Tradition and Biography

THE CONTRIBUTORS’ CLUB.

SUCH a book as Wilfrid Meynell’s about Disraeli1 makes one doubt whether a formal biography has, after all, so great an advantage over tradition in fixing the reputation of a man who has lived long in full view of the public. It is one contrast more between the great rivals. Mr. Morley’s copious illustration of Gladstone appeared nearly at the same time that we learned of Lord Rowton’s death. He was Disraeli’s literary executor, and for twenty years it had been supposed that the official life of his chief would come from him. But he is gone ; and except for a handful of what Americans would call “ campaign ” biographies of Disraeli, along with the personal detail and pleasant gossip that Mr. Meynell has now given us in his disconnected narrative, we have no documented record of his career. Yet what figure could stand out with more individual distinctness in the history of his time ? Could the most elaborate written life do more than expand or deepen the impression of him that intelligent students of the English politics of his day have already formed ? His novels and speeches and epigrams, with the report of him that thousands bore away from personal contact, have etched a character which, we may be sure, no amount of recovered letters or diaries could present with fundamental difference. Color and body might be added, but the great outlines are there. “ Dizzy always wants plenty of lights,” said his attentive wife. He lived in full glare. A set biography could bring out little from dark corners. The Disraeli tradition has grown up, and we are entitled to say of it, with the prince in Richard III: —

“ But say, my lord, it were not registered,
Methinks the truth should live from age to age,
As’t were retailed to all posterity,
Even to the general all-ending day.”

Men will have their stubborn theories, of hero or villain, in real life, and so they will in biography. What an idea of tenacious conviction one gets, for example, from Mr. Meynell’s account of Nathaniel Basevi, Disraeli’s cousin. Early in his political career, when he was hard pressed for money, as, indeed, he long was, Disraeli had applied to his uncle, Mr. George Basevi, for a loan. The father called son Nathaniel into counsel, and the two determined that the flighty political adventurer, as they decided he was, had no real security to offer. Accordingly, the request for an advance met a peremptory refusal. Very well; uncles had been hard-hearted and cousins incredulous before. But note what followed. Years later, the Right Honorable Benjamin Disraeli, Prime Minister of England, was at Torquay, where Mr. Nathaniel Basevi was living in retirement. To this Israelite, indeed, in whom there was no giving in, it was intimated that his distinguished kinsman would be glad to receive him, letting bygones be bygones. But the stout old gentleman would not budge. He was not dazzled. Once an adventurer, always an adventurer, whether starveling aspirant or triumphant Premier. The cousin would neither call upon him, nor be called upon by him. How could Lord Rowton possibly have converted this sturdy skeptic ?

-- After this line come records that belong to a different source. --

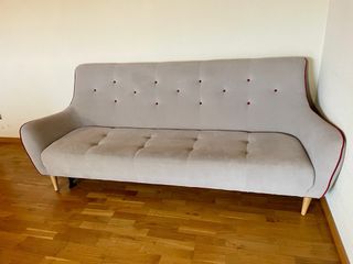 Cómodo sofá cama de tres plazas con un tacto suave y agradable. - Diseño moderno y elegante. - Patas de madera resistentes. Ypataspara extender cama por detrás escondidas con cremallera. Urge vender.
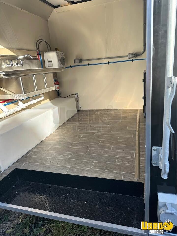This trailer is outfitted to run electric appliances with a generator but can easily be changed to add equipment of your choosing. All electric done by certified electrician and done to compliance. All plumbing done with required systems by master plumber. Flooring is completed, walls painted and equipment wall fitted with aluminum from top to bottom. All equipment was purchased brand new.
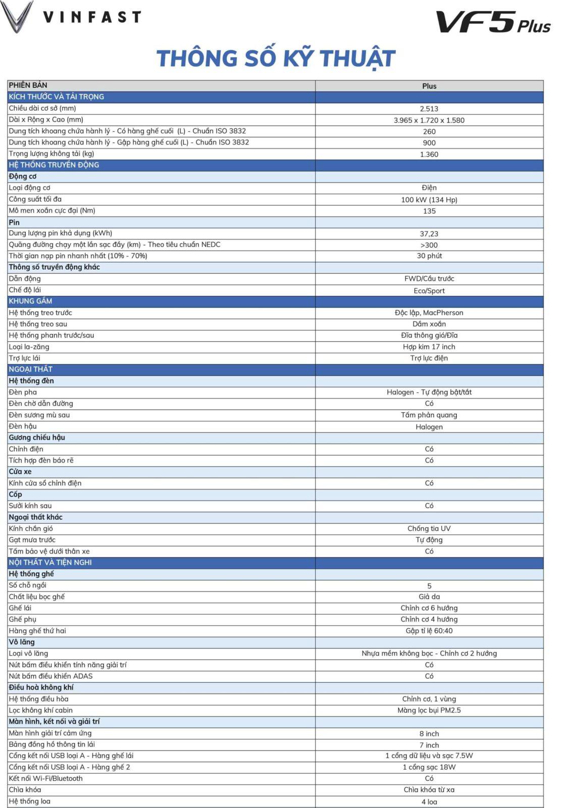Thông Số Vinfast VF5
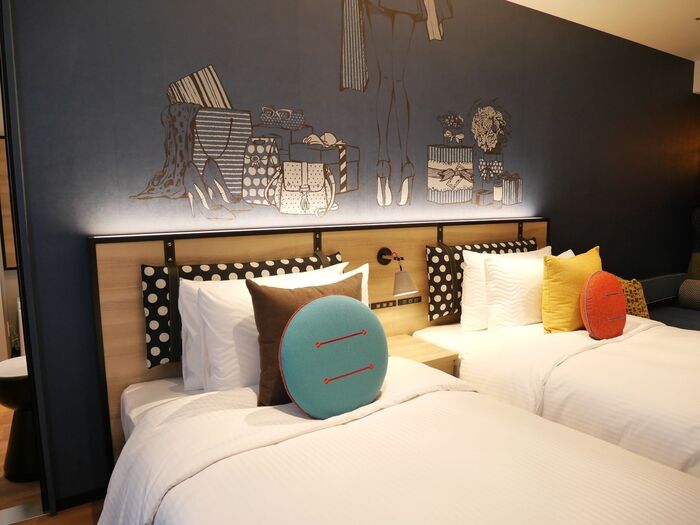 壁面はショッピングをイメージする絵が描かれていたり、部屋の中にも「デパートメントホテル」のこだわりを感じます。
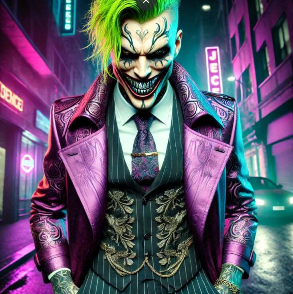 - Look & Style: The bright green slicked-back hair, the pale white skin, and the eerie, shark-like grin mirror the Joker seen in many of DC’s animated adaptations. The flashy, purple-gangster aesthetic pays homage to comic book versions where the Joker is often depicted as a twisted crime lord.
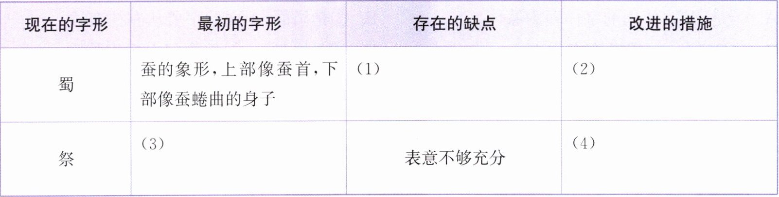 答案:五、1. 声符 形符 2.(1)与其他象形字的区分度不够大(2)增加部件“虫”,强化了它的类别(3)一只手杀牲祭祀,把血滴在盆里(4)增加了表示祭祀的部件“示”
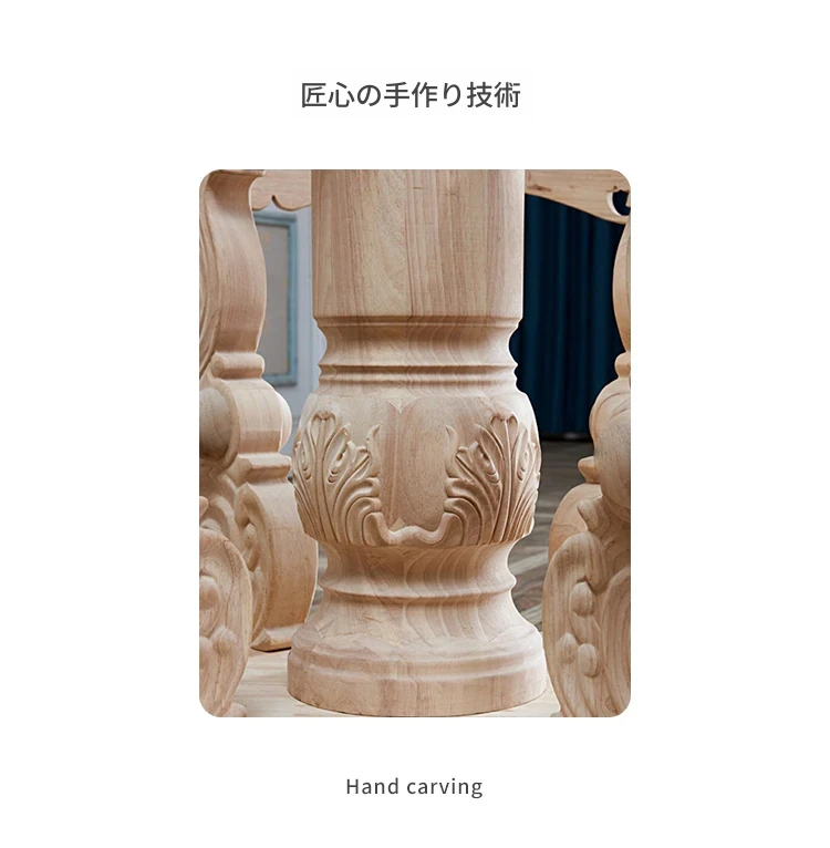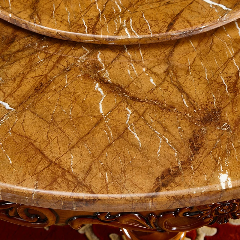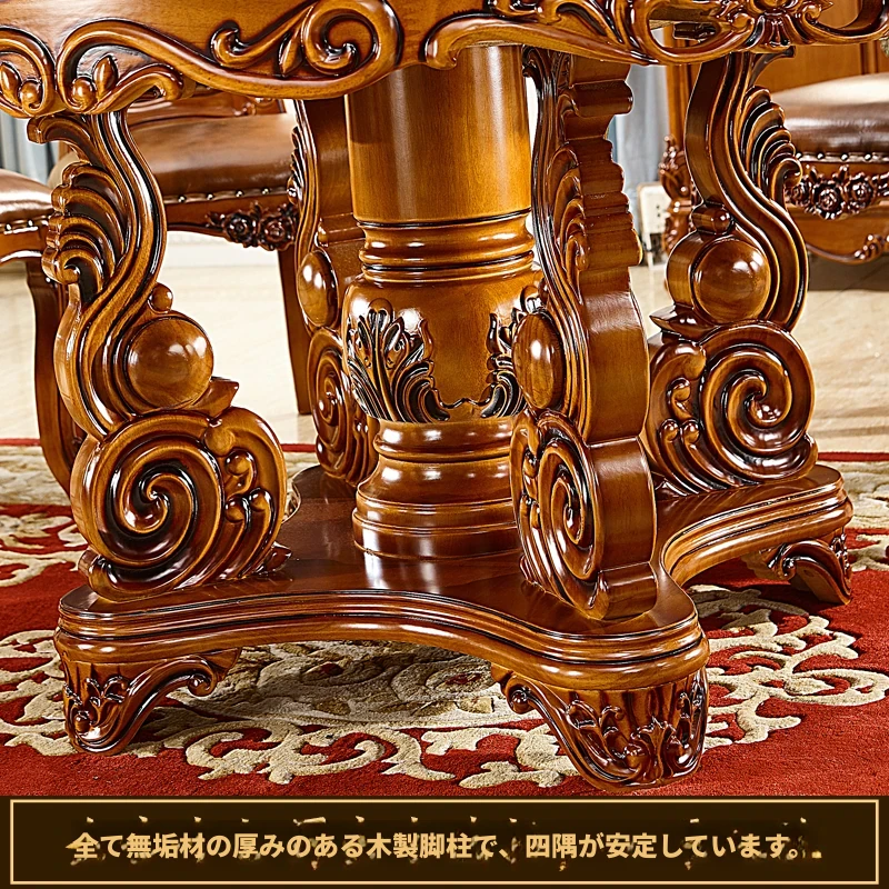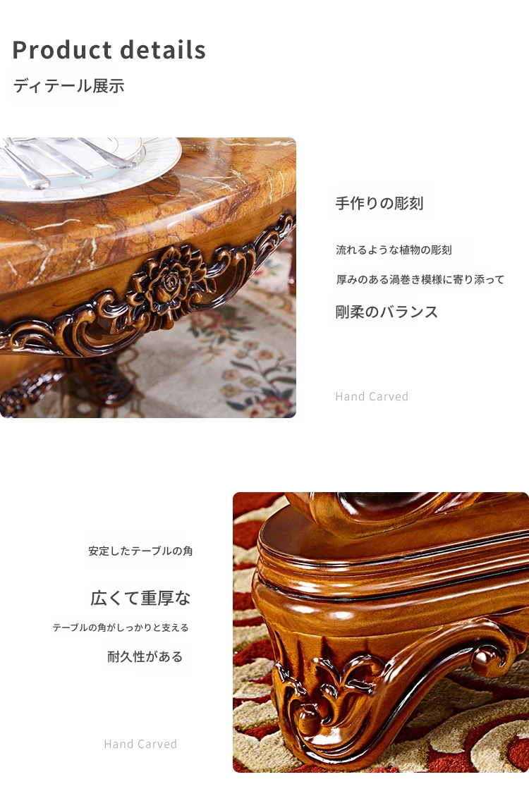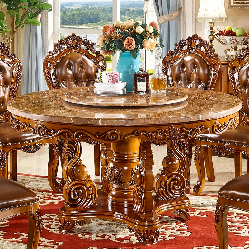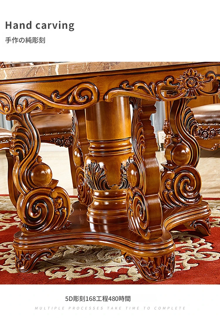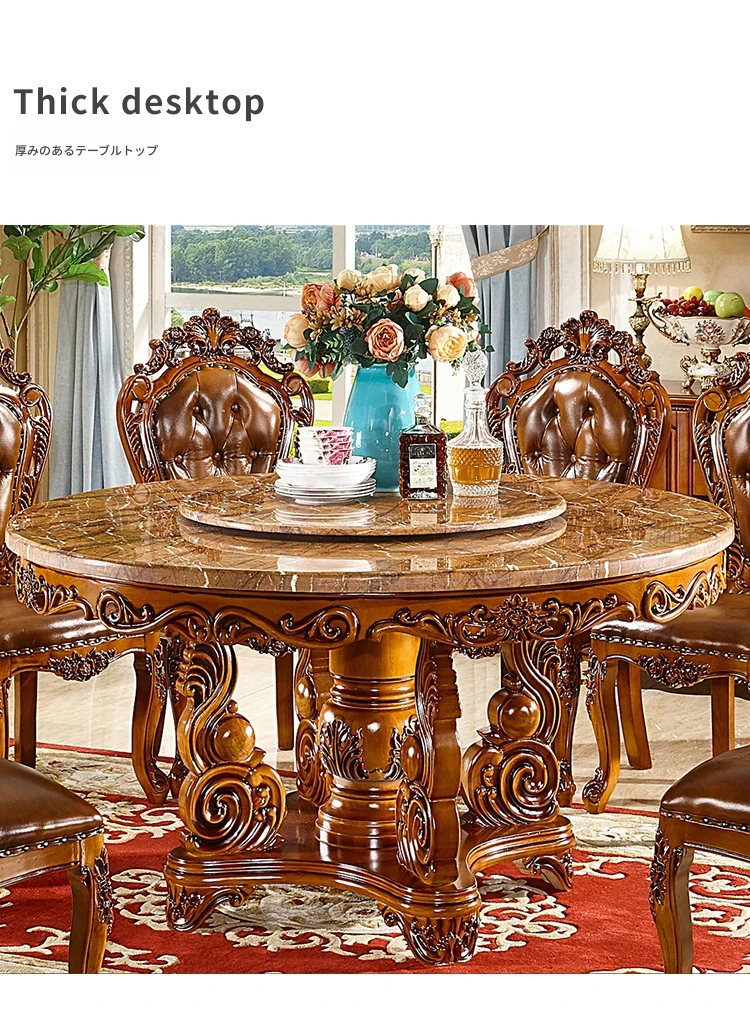エレガントなヨーロピアンスタイルの大理石ダイニングテーブルセット - 本物の木製彫刻円卓、8人用ダイニングテーブル、アメリカンヴィンテージ風6人用セットで、特別な食卓を演出します!

Jowett’s theory of Disraeli was less simple or rigorous. He wrote to Sir R. B. D. Morier in 1878 : “ Dizzy is a curious combination of the Archpriest of Humbug and a great man.” Mr. Meynell, loyal as he is to Disraeli, — but also loyal to the truth, — does not wholly break down the first part of this definition of Jowett’s, though he undoubtedly brings much reinforcement to the second part. At a few critical junctures, Disraeli appears tricky, careless of veracity. There was, for example, that letter which he wrote to Sir Robert Peel, applying for office. This in his lifetime he roundly denied having written. After his death it was published in the Life of Peel. Mr. Meynell admits that we have here something “ mysterious.” There were other things betraying a shifty nature. They helped make Disraeli so intensely “ unpopular ” even with his own party, as one of his colleagues in different Ministries, Lord Malmesbury, frequently noted in his diary that he was. Yet he made himself indispensable to the inarticulate country squires who were the strength of the Tory party. He could speak. His fleering audacity in debate and bold initiative in policy, his merciless attack, his biting characterization, his immense gift of language, and his unbounded selfconfidence made him the leader he was for so many years. Little loved, he was greatly admired. There was never any question of his genius, though there unfortunately sometimes was of his sincerity. Strong and straightforward natures somehow found in him no echo. They caught, rather, an ostentatious, an Oriental note. Asked once what was the most enviable life, Disraeli replied in a gleam of self-revelation, “ A continued grand procession from manhood to the tomb.” He had it. The crowd and the shouting seldom failed him. Opportunities for display came thick and fast. The extraordinary favor of the Queen he knew how to conquer. For his astonishing talents he found a great theatre. Yet tradition has been just; it has perpetuated a faithful picture of the man in habit as he was; and no biography, no matter how full it might be, nor how many minor myths it might destroy, could now make posterity see Benjamin Disraeli in any other essential guise than that in which his shrewdest and most sharp-sighted contemporaries have bidden us behold him.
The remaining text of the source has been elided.